By 1845 the Great Western Railway (GWR) had established itself as the dominant railway company controlling west to east trunk routes from Bristol and the West of England to London. The GWR was a 7 ft 14 in (2,140 mm) broad gauge railway and it sought to monopolise the area it occupied, excluding competing railways. A number of schemes had been proposed to build a north-south railway route, particularly one connecting the manufacturing districts of the West Midlands and Lancashire to Southampton and the Channel Ports. Such a railway would inevitably cut through the territory – at first simply occupied by the west to east Bristol line – which the GWR considered to be its own.

As early as 1846 a Manchester and Southampton Railway was proposed; it would have been 88 miles (142 km) long, running from north of Cheltenham to Southampton, passing to the east of Swindon and near Marlborough. It would have cost £1,500,000 to build. It was defeated in the House of Lords by a narrow margin after the GWR had given an undertaking to lay narrow gauge rails on its line between Oxford and Basingstoke, facilitating north-south connections by that route.

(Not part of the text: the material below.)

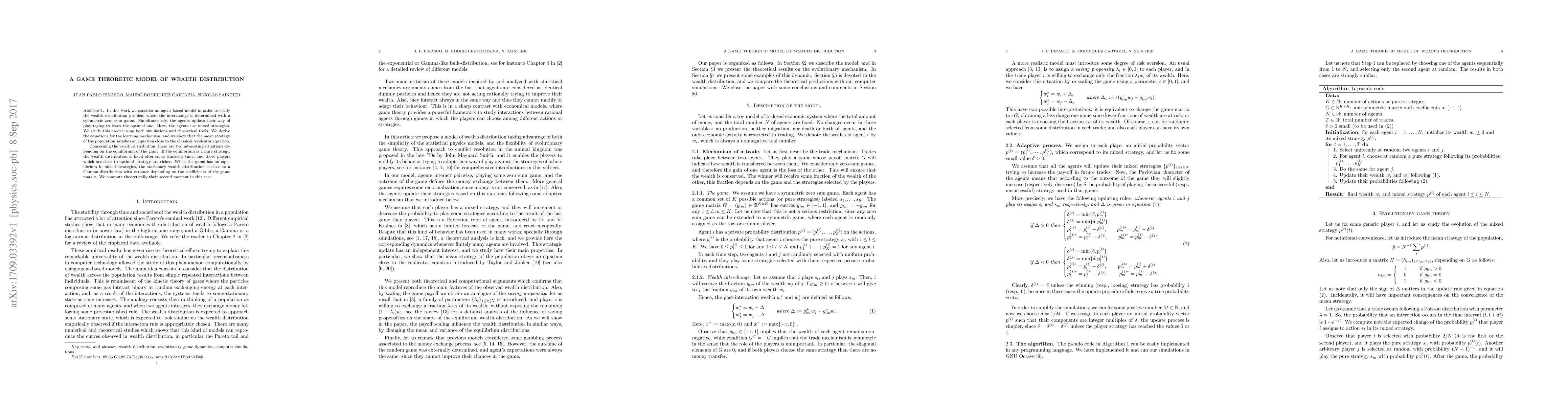 This paper proposes an agent-based model to study wealth distribution through a symmetric zero-sum game where agents use mixed strategies to learn optimal behavior. The model reveals that wealth distribution stabilizes based on the game's equilibrium, either resulting in a fixed distribution when pure strategies prevail or a Gamma distribution with variance dependent on game parameters when mixed strategies are used.

The ambition of an independent through railway from north to south was eventually reduced to serving local communities, and the first line on the corridor envisaged was the Andover and Redbridge Railway, which was incorporated on 12 July 1858. Redbridge was on the London and South Western Railway (LSWR) a short distance west of Southampton, an important port. The LSWR quickly acquired the young company (in 1863) and opened the line on 6 March 1865.